Tuesday, January 10, 2006

Great. I'm Obsolete.

As I've mentioned before, I work at a bookstore. So I sat up and took notice when I saw this on Slashdot:
Sony is trying to do for e-books what Apple has done for downloadable digital music.

It has launched a handheld device designed for electronic books- dubbed the Sony Reader - at the Consumer Electronics Show in Las Vegas.

It has a screen made from electronic paper that makes text look almost as sharp as it is on a printed page.
But what was truly bizarre was this:
Sony has realised the importance of making sure there is good content for a gadget like this.

It has done deals with major publishers, including Random House, Penguin and HarperCollins, to sell digital e-books via its Connect online store.
While I applaud the publishers for this move, it really astonishes me. Why would they do this? Books are basically the last form of media that isn't easily converted to digital information.

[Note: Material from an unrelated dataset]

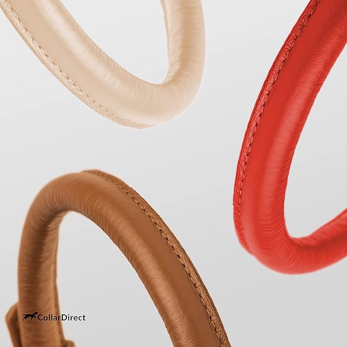 CollarDirect Rolled Leather Dog Collar, Soft Padded Round Puppy Collar, Handmade Genuine Leather Collar Dog Small Large Cat Collars 13 Colors (8-11 Inch, Red Textured)

Newspapers and magazines are all on the web now, and music and television, well, bittorrent anyone?

Part of the reason that books have withstood (more or less) the digital onslaught is the inherent difficulty of converting the info. Sure, when "Half-blood prince" came out hackers all over the world put together a pirate version by literally retyping it in to their computers. But that's not an option for any but the smallest number of books.

So why would the publishers agree to this? If it really takes off, they'll be slitting their own throats. The article makes the comparison between the proposed Sony bookstore and iTunes, but ignores the corrolary: most tracks released on iTunes make it to pirate nets and P2P within minutes, not hours or days.

Oh, and I don't believe for a moment Sony will pull this off. They're simply too locked in to an old model of business. Now, Google on the other hand...

5 comments:

Anonymous said...

I think that they are secure in the knowledge that the experience of reading a book onscreen is always going to be inferior to reading a book on paper. My eyes just hate me after a marathon blogging session. They see e-books (probably correctly) as a small secondary market that has limited growth potential but very fat margins (because they don't have to deal with the physical making, distribution and merchandising of the books).

AJSomerset said...

Not only does reading onscreen suck, but books have permanence.

I have books on my shelves that my grandmother bought when she was a child. I can read a book that's 150 years old without needing any technology (other than a dust mask).

Music has never been recorded in any medium with that kind of permanence. I don't mind buying CDs, therefore, knowing that they'll be obsolete and unreadable before I die.

But I will never buy an ebook, because I don't plan to pay for it again twenty years later, when I want to reread it.

Lord Kitchener's Own said...

It's true that digitizing a book once it is printed isn't SUPER easy, but it's really not that hard at a commercial level with the automated (robotic page-turning) scanners they have nowadays.

And it's a non-issue for new books. Sure, pirates made copies of "The Half-Blood Prince" by methodically re-typing it, but the publisher doesn't have to do that. They already HAVE a digital version of the text. In fact, I'd venture to say that the very first completed copy of the The HBP WAS a digital version. Today, publisher's START with digital, and use THAT to create the physical. There's no need to go back and "re-create" a seperate e-version when it already exists.

john said...

I'm not so sure that the "experience" is guaranteed to be better with paper. Or rather, I'm not sure that'll deter people. People listen to MP3s despite the fact that they're a technically inferior format to CDs, which themselves are inferior to LPs from the perspective of sound quality.

(No, I'm not some LP fetishist, but it is true.)

People may choose ebooks, in the same manner they chose MP3s and CDs, because they're more convenient and easier to lug around.

The "permanence" problem is true enough, though I'd wager not for as long as you think.

And besides, I was talking about piracy, which means you wouldn't have to pay again! (smirk)

Speaking of piracy, the point isn't that ebooks are hard for the publishers to produce, but that they're hard for pirates to produce. Making ebooks more widely available from the publishers will make it easy for the pirates to get at them.

Flocons said...

Let me also mention for people dealing with authoritarian governments, that throwing an e-book into a bonfire is probably not as satifying as burning a book that is made out of real paper.

[A handy tidbit for those anticipating a Conservative election win.]